Queen Elizabeth I of England and Ireland reigned from 1558 to 1603, during the time when
Europeans were starting to break out of the cultural constraints imposed by the mediaeval Church.

The Reformation—the sixteenth-century religious movement that aimed to reform the Roman
Catholic Church and resulted in the establishment of Protestant churches—created an altogether new
environment for drama. During the reign of the Catholic Mary I (1516–1558; reigned 1553–58),
mystery and morality plays had been popular, and the Bible was viewed as the most appropriate
source for drama. When Elizabeth took the throne and made Anglicanism (a form of Protestantism)
the national religion, she was concerned that religious plays would be used to stir English Catholics
against the Anglican church and herself. In 1559 Elizabeth prohibited all plays that were not licensed
by the crown. Drama quickly became more secular. In accordance with Protestant beliefs, in the
1570s she banned all mystery plays in which men played the role of God, which were considered by
Protestants to be idolatry, or the worship of religious icons (sacred images, statues, objects, and
monuments).

The roots of Elizabethan drama lie in cycles of Mystery plays and the later Morality plays. Theatre
was lodged in a network of social and religious relationships. The revolutions of the sixteenth
century had the effect of dislodging it. The reformed church, purified of its corruptions and relieved
of much of its wealth and scope, was no longer worldly enough to embrace all these social and
cultural functions. The church was to become unambiguously sacred, and the theatre profane. The
fundamentalist Protestants, the Puritans were uneasy about plays, and were fearful of the
unpredictable nature of large gatherings. Plays were condemned as morally corrupting. The players
built their own houses because they had been evicted from the house of God. The effect of
Protestanism upon the theatre was to make it irreligious. The actors were forbidden to engage
seriously with sacred matters.

In 1574 Elizabeth placed her Master of the Revels in charge of licensing all plays performed in
England. The Master of the Revels was an officer of the state who worked for the Lord Chamberlain,
the chief officer of the royal household. The queen's Master of Revels had the authority to censor all
English plays. He could ban entire plays or delete parts of plays that were considered objectionable,
and it was his job to eliminate anything that seemed to be critical of the queen or the Anglican
church.
From around 1570, playhouses appeared in various parts of London. Some were open-air
amphitheatres, others were existing buildings converted for use as indoor playhouses. These were
the first buildings since Roman times designed specifically for the performance of plays. They were
both the cause and sign of the new age in English drama. Nearly all public theatres were outside the
territorial limits of the jurisdiction of the magistrates of the City of London, who were consistently
hostile to plays and theatres. The Rose was built in 1587 in Southwark, and the Globe in 1599. Up
till that time, professional actors had been servants, performing in someone else’s space. They might
literally be household servants, mounting occasional shows for their masters’ feasts, or they might be
touring players brought in for a special occasion. Theatres were not the only context of drama
writing in the period. Poets wrote so-called ‘closet’ drama – plays written not for public
performance, but for reading, or perhaps for private recitation in noble households. Some favored
players were technically made servants of the high nobility, who would perform at Court and nobles’
houses. Thus, there were Pembroke’s Men, the Lord Admiral’s Men, the lord Chamberlain’s Men (to
which Shakespeare belonged), Prince Henry’s Men and so on.

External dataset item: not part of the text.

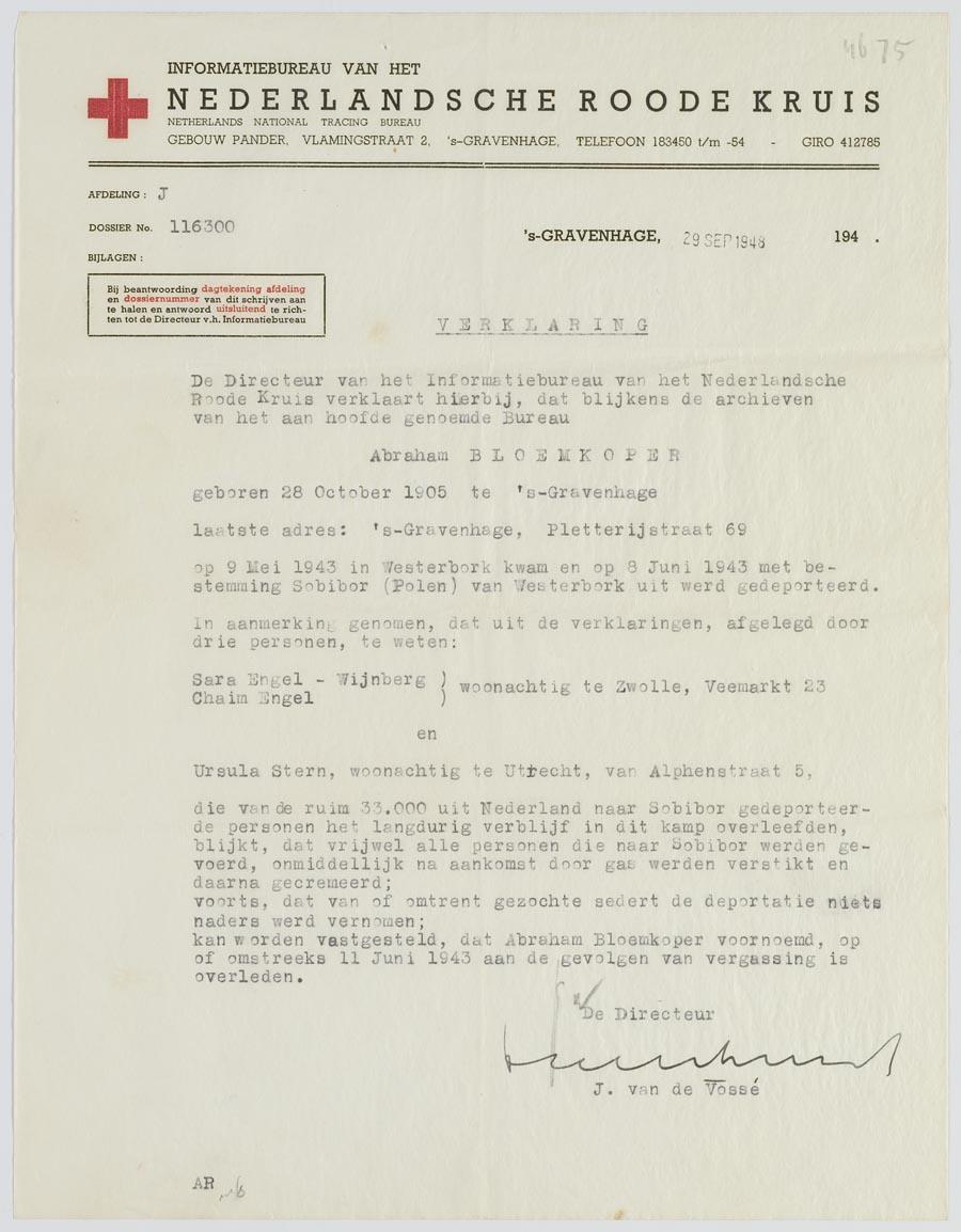 Verklaring m.b.t. het overlijden van Abraham Bloemkoper (1905-1943) te Sobibor, 1948

While in the private theatre shows took place in the early evening, in the public theatres plays took
place in the afternoon. A flag raised in the morning on the theatre indicated that there would be a
performance. Plays had to be performed by daylight and the scenery had to be kept simple: a table, a
chair, a throne, perhaps an artificial tree or two to suggest a forest. But these limitations were in a
sense advantages. Elizabethan playgoers had to imagine and the playwright had to make the scene
vivid for them by means of language. Costumes could be elaborate, and there could be musical
accompaniment and sound effects such as gunpowder explosions. The stage itself was remarkably
versatile. At the back were doors for exits and entrances and a curtained booth or alcove useful for
hiding inside. Above the stage was a higher acting area – perhaps a porch or balcony – useful for a
Juliet to stand upon and a Romeo to raise his eyes to. And in the stage floor was a trapdoor leading
to a ‘hell’ or cellar, especially useful for ghosts or devils to appear and disappear. The stage itself
was a rectangular platform that projected into a yard enclosed by three-storied galleries. The
building was round or octagonal. The audience sat in these galleries or else stood in the yard in front
of the stage and its sides. A roof or awning protected the stage and the gallery from sudden rain.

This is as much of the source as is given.